I’m not going to go into a great amount of detail here. The film is more or less Alice attempting to ferret out some meaning for her existence, and in true Woody Allen fashion, this ultimately comes to us in the form of existentialism and sex. In almost every way imaginable, Alice is the female version of the sort of characters Allen himself plays in his own movies; If this film were written from a male perspective and called Allen or Albert, we’d see Woody Allen’s stereotypical neurotic character going through the same search for meaning and sexual blunderings and guilt feelings about infidelity.
In almost every respect, Alice is a film that fits perfectly into its era. This is almost a stereotypical Reagan/Bush-era film. We deal only with people who are staggeringly wealthy and self-absorbed (with the exception of Joe the saxophonist, who is nonetheless doing well for himself. He’s just not at the level where he can buy $9,000 wicker baskets for the hell of it the way Alice can). Everyone in this film is the sort who has everything money can buy but still experiences nothing but angst because of the meaninglessness of their material wealth. All of these characters, again with the possible exception of Joe and possibly Alice’s sister (Blythe Danner) are not only wrapped up in their own materialism, but are completely satisfied with their meaningless lives. That Alice comes to some sort of minor epiphany happens only because the script needs for it to happen. That she does ultimately discover some meaning in her life happens similarly because it is required by the screenplay. That’s not character growth; that’s plot device, and it’s shoddy when it comes from a screenwriter who has proven his talent many times in the past.
Man, does this sound familiar to you at all? It sure as hell did to me, and sitting through the entirety of this film was painful. I had it generally pegged within the first 10 minutes. Sure, I was wrong on some of the specifics, but I knew the broad strokes of where we were going and how we would get there more than an hour before the final credits scrolled up the screen. With a screenwriter and director as generally talented as Woody Allen, that’s hugely disappointing.
What it ultimately comes down to for me is that Woody Allen spent years mining the same material. There’s nothing (aside from the magical realism) in this film that isn’t essentially in something like Annie Hall. It’s more or less that by the time he’s explored these same concepts over and over that he’s mined every productive vein of ore that he can. There’s very little here that he didn’t say better somewhere else and that wasn’t more entertaining and more meaningful somewhere else.
Not everyone bats 1.000. I expect even directors and screenwriters who I like and admire to come up short now and then. That doesn’t make it any less disappointing when it happens, though, and ultimately, Alice was simply disappointing.
Interiors, on the other hand, is precisely what one thinks of when it comes to a Woody Allen screenplay. Before this film, Allen was known exclusively as a comedian and a comic writer. Interiors is his first foray into truly serious drama, and it’s a hell of an introduction. Like most Woody Allen films, it features a magnificent cast. In contrast with Alice, it also feels a screenplay worthy of Allen’s name and characters that come across as real people.
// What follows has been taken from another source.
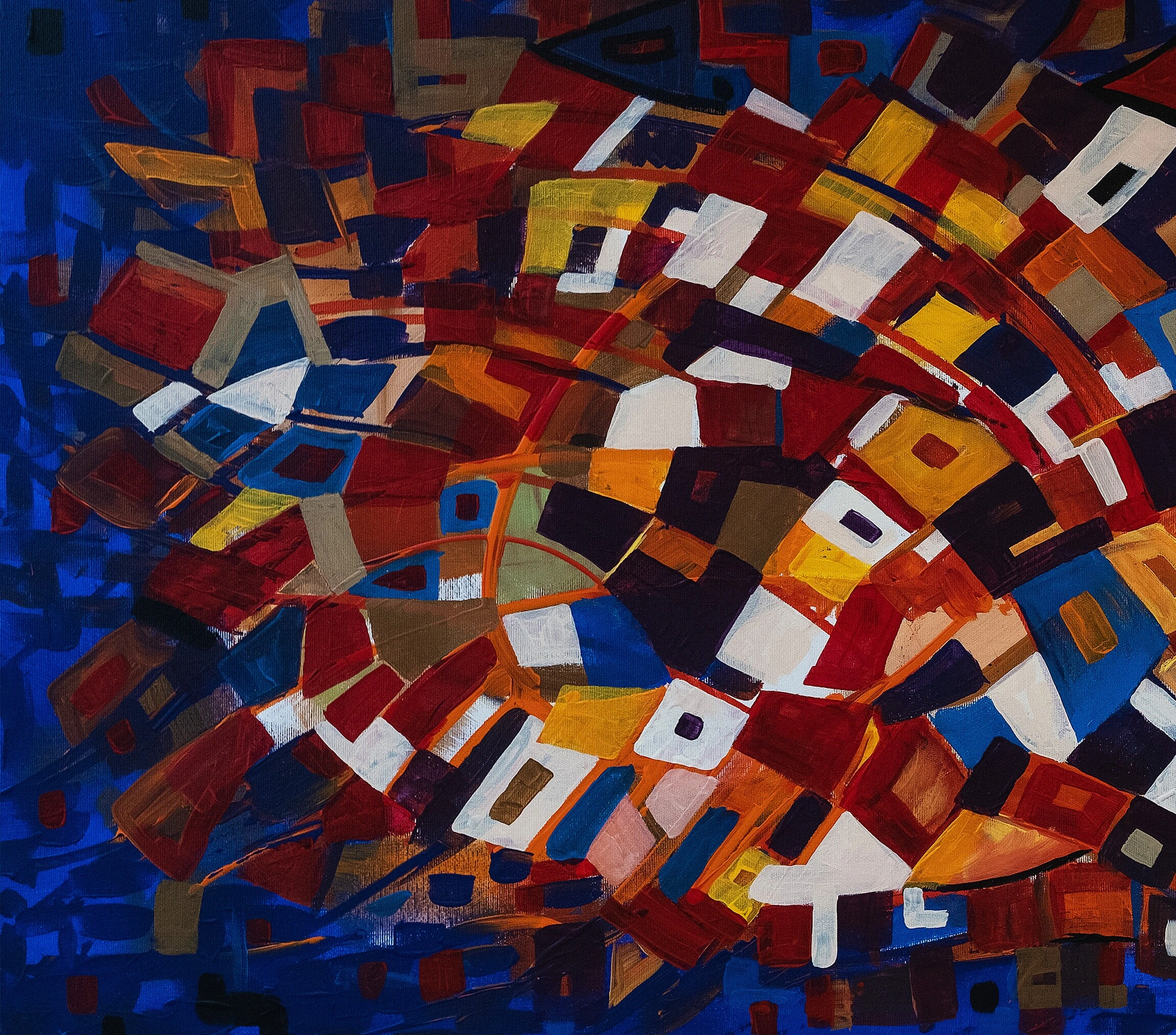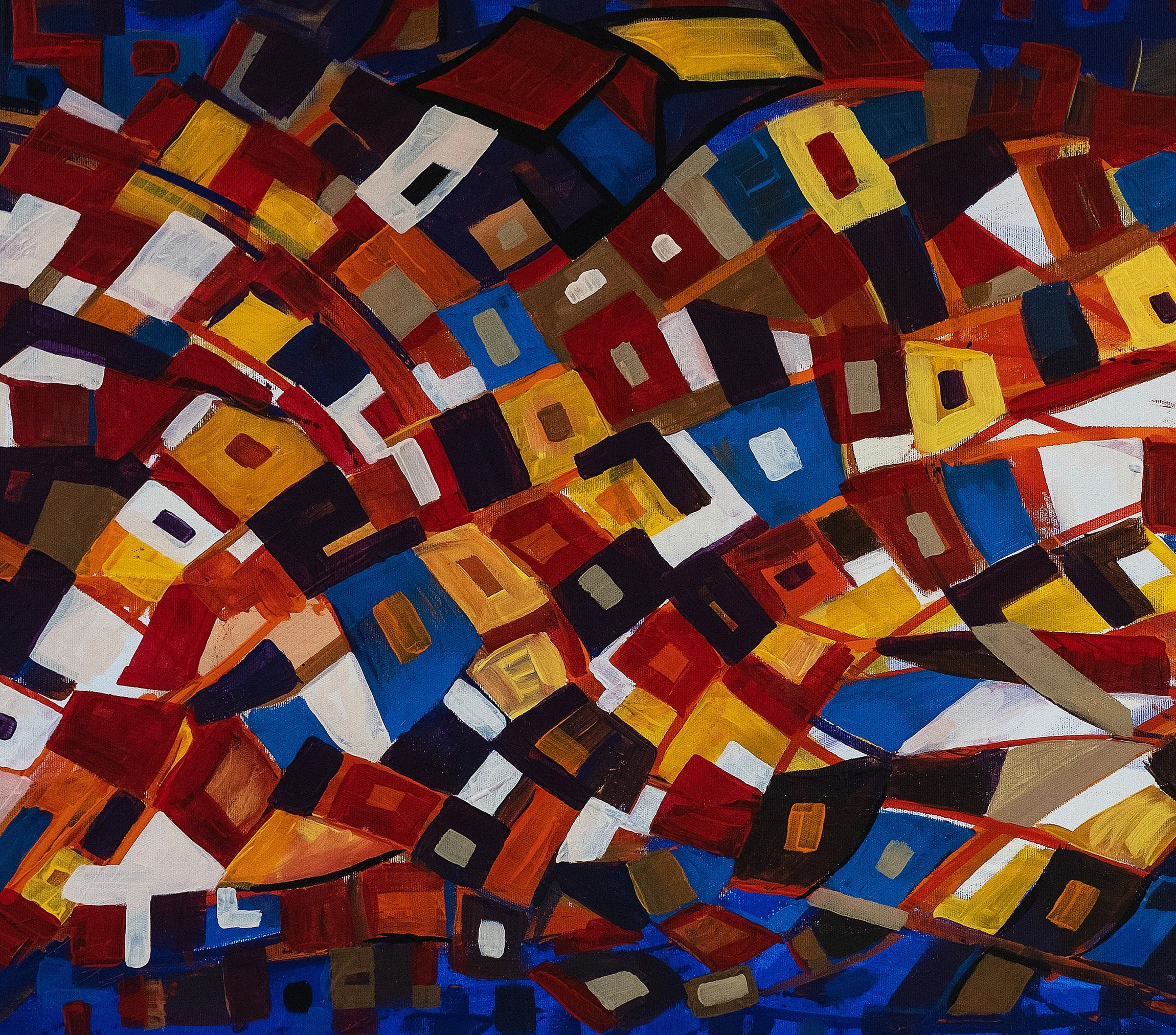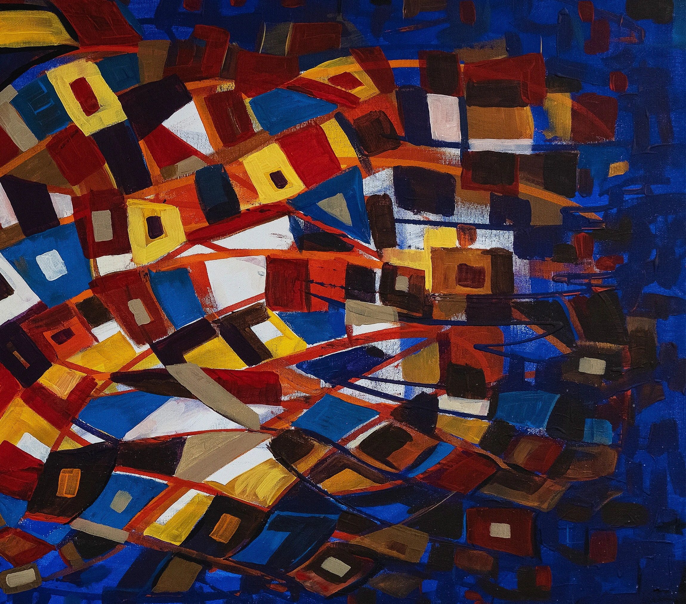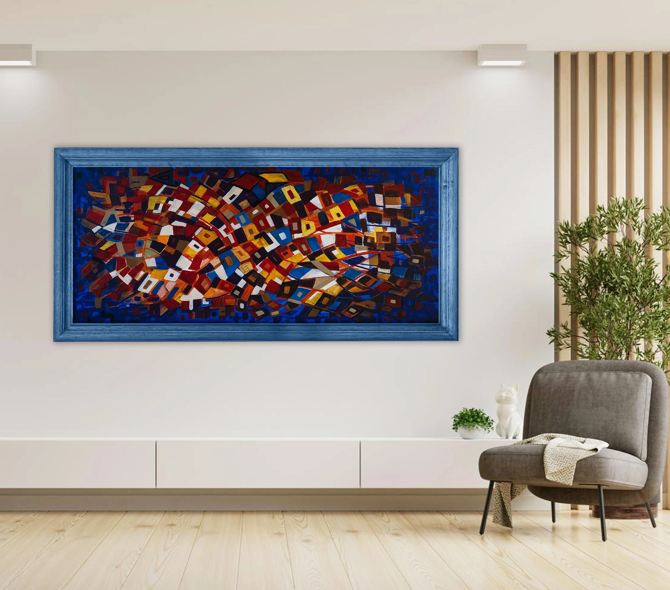 • Geometrik Desenli Modern Kanvas Tablo Tuval Üzeri Yağlı Boya Abstrakt Şekiller Modern Duvar Dekoru

In fact, Interiors explores a lot of the same territory as Alice. As I said above, Alice feels like Allen going to the same well one time too many. Interiors is very much his first trip to that well, and it shows. Interiors is blessed with depth with rich, realistic emotional moments that resonate both in the film and in reflection afterward. It’s almost as if Allen saved up years of material and moments that he couldn’t mine for comedy and placed them all in this film.
Arthur (E.G. Marshall) and Eve (Geraldine Page) are an older couple with three grown daughters. Renata (Diane Keaton) is as successful as a poet can be in 1978 and is married to Frederick (Richard Jordan), a writer who is far less successful than she is despite showing early promise. Flyn (Kristin Griffith) is an actress who tends to be in terrible movies, which is a source of amusement to the rest of the family behind her back. Joey (Mary Beth Hurt) lives with Mike (Sam Waterston), who works in politics. Joey deals with Eve’s various neuroses and is otherwise directionless.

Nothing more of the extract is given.